U.S. CISA warned that four vulnerabilities in Versa, Zimbra, Vite, and the eslint-config-prettier/Prettier toolchain are being actively exploited and have been added to the agency’s KEV catalog. Agencies must apply fixes or mitigations — or stop using affected products — by February 12, 2026, while details about exploitation activity and any ransomware use remain unknown. #VersaConcerto #eslint-config-prettier
Keypoints
- CISA reports active exploitation of four vulnerabilities impacting Versa, Zimbra, Vite, and eslint-config-prettier.
- CVE-2025-31125 is a high-severity improper access control issue that exposes non-allowed files on exposed dev instances and has been patched in multiple versions.
- CVE-2025-34026 is a critical authentication bypass in Versa Concerto caused by a Traefik reverse proxy misconfiguration, affecting Concerto 12.1.2 through 12.2.0 and fixed after disclosure.
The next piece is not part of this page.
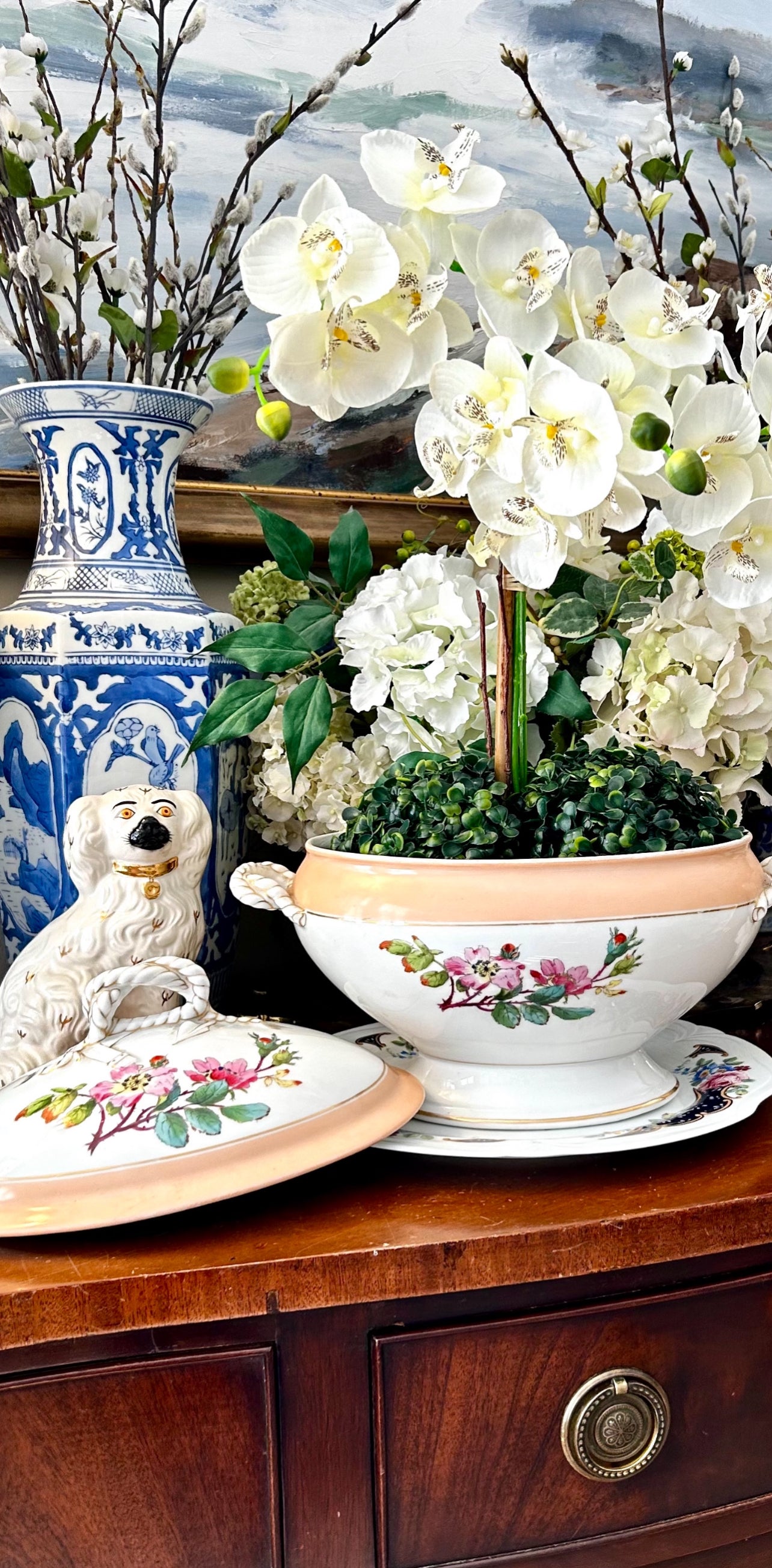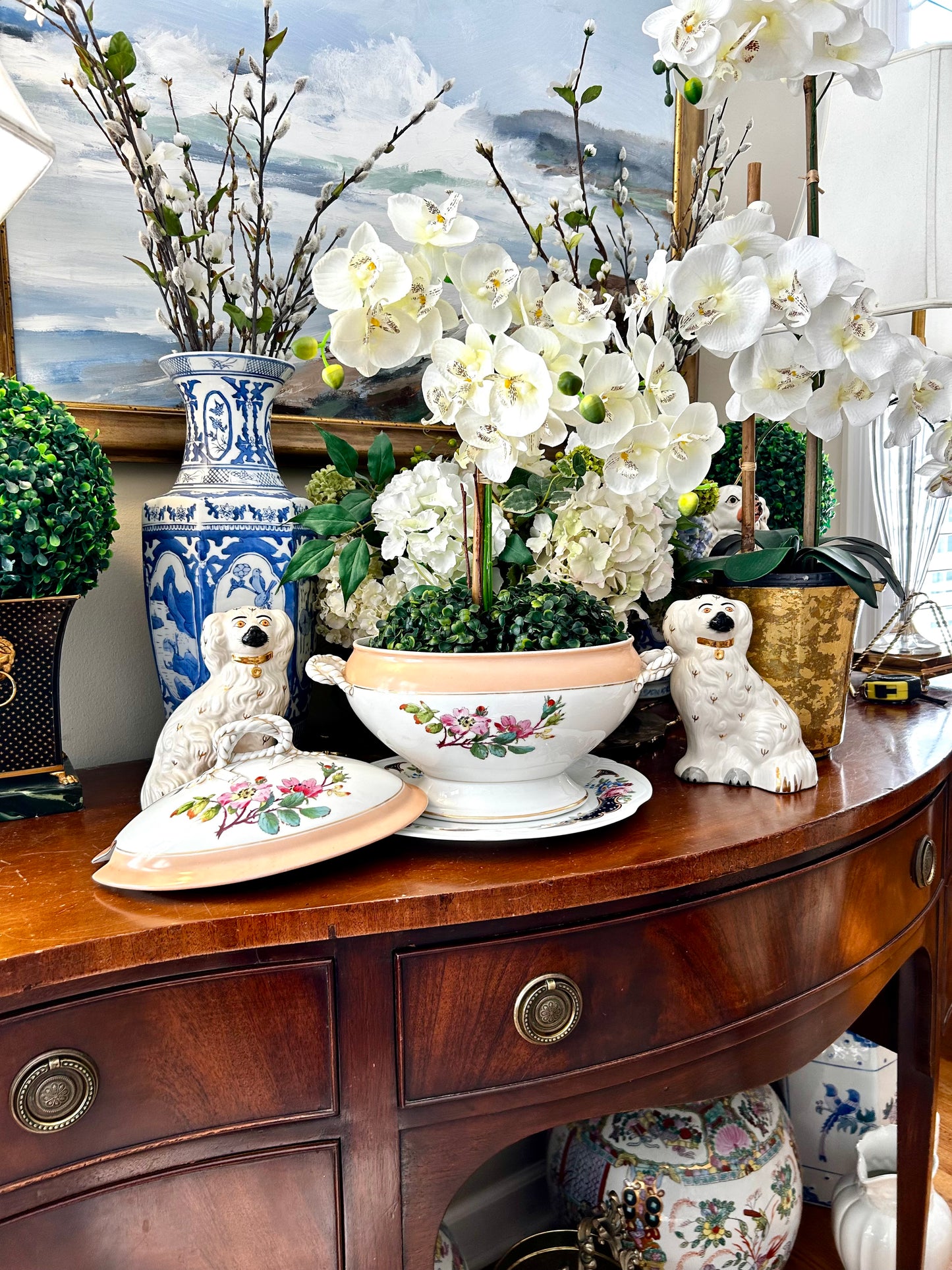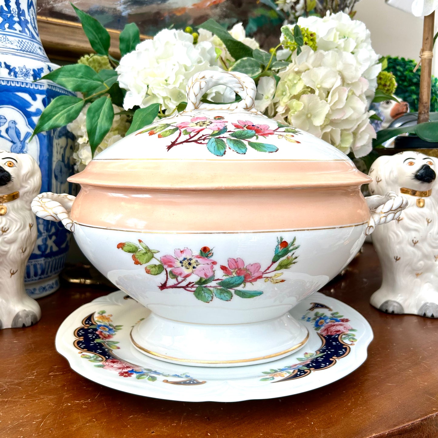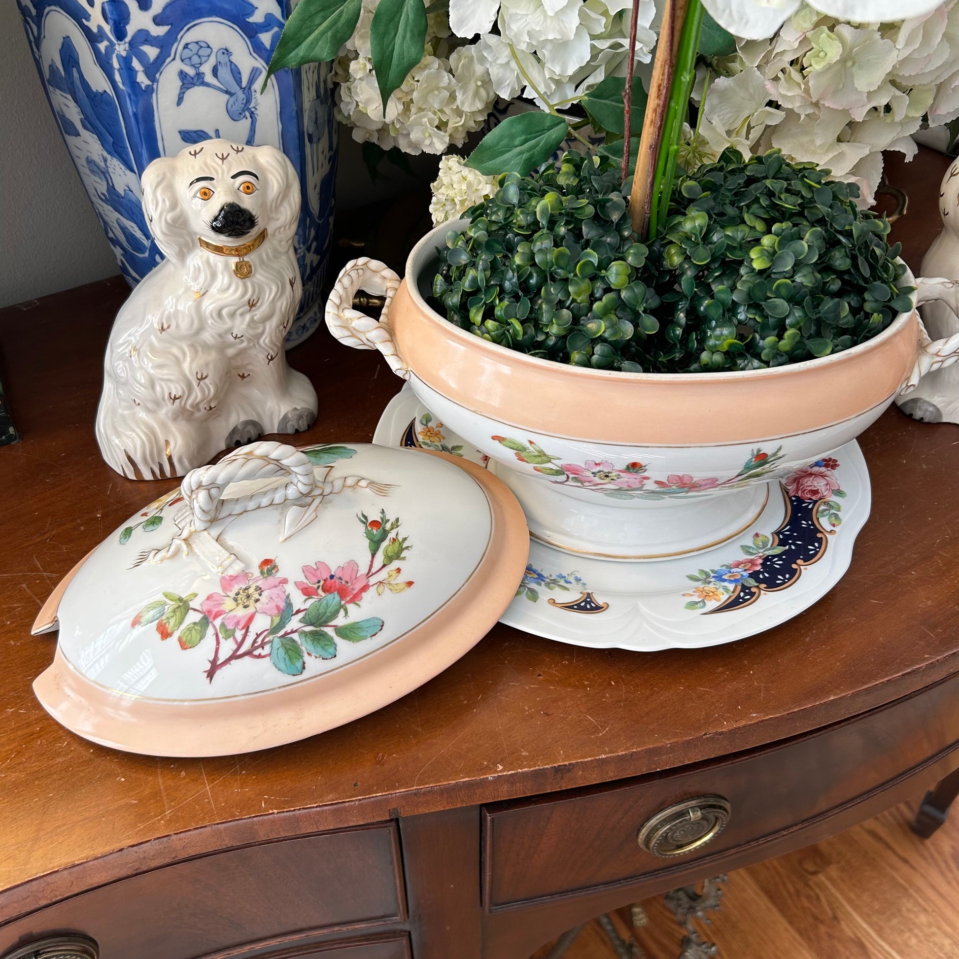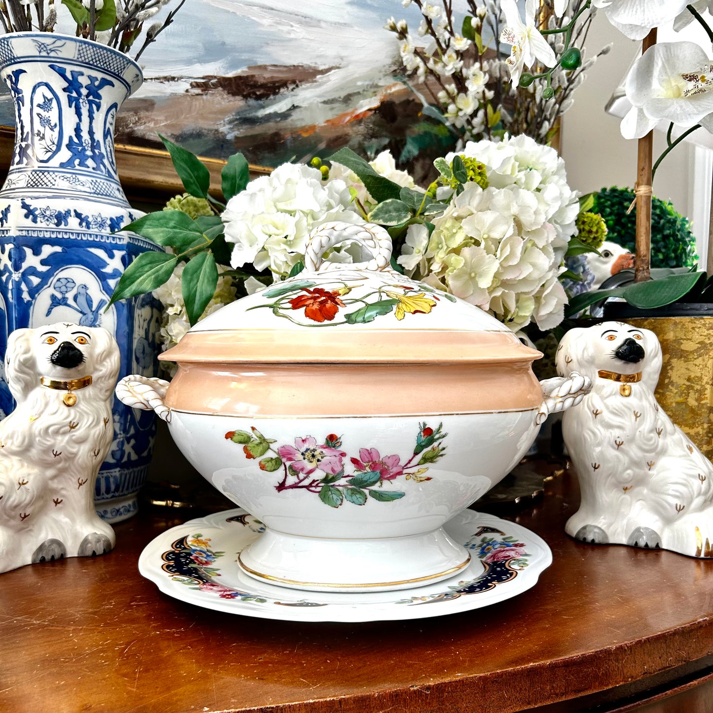 This elegant tureen boasts an exquisite white French porcelain design, adorned with a beautiful brown and gold enameled floral pattern. The rope tassel side handles and anchor top handle add a touch of sophistication. The tureen measures 16 x 11 x 9 and is in excellent condition, free from any chips or cracks. It is clearly marked on the bottom, adding to its authenticity.

- CVE-2025-54313 stems from a supply-chain compromise of eslint-config-prettier where hijacked npm packages executed a malicious install.js that dropped node-gyp.dll to steal npm tokens.
- CISA added the flaws to its KEV catalog and requires federal agencies to remediate or stop using affected products by February 12, 2026; exploitation details and ransomware links are unknown.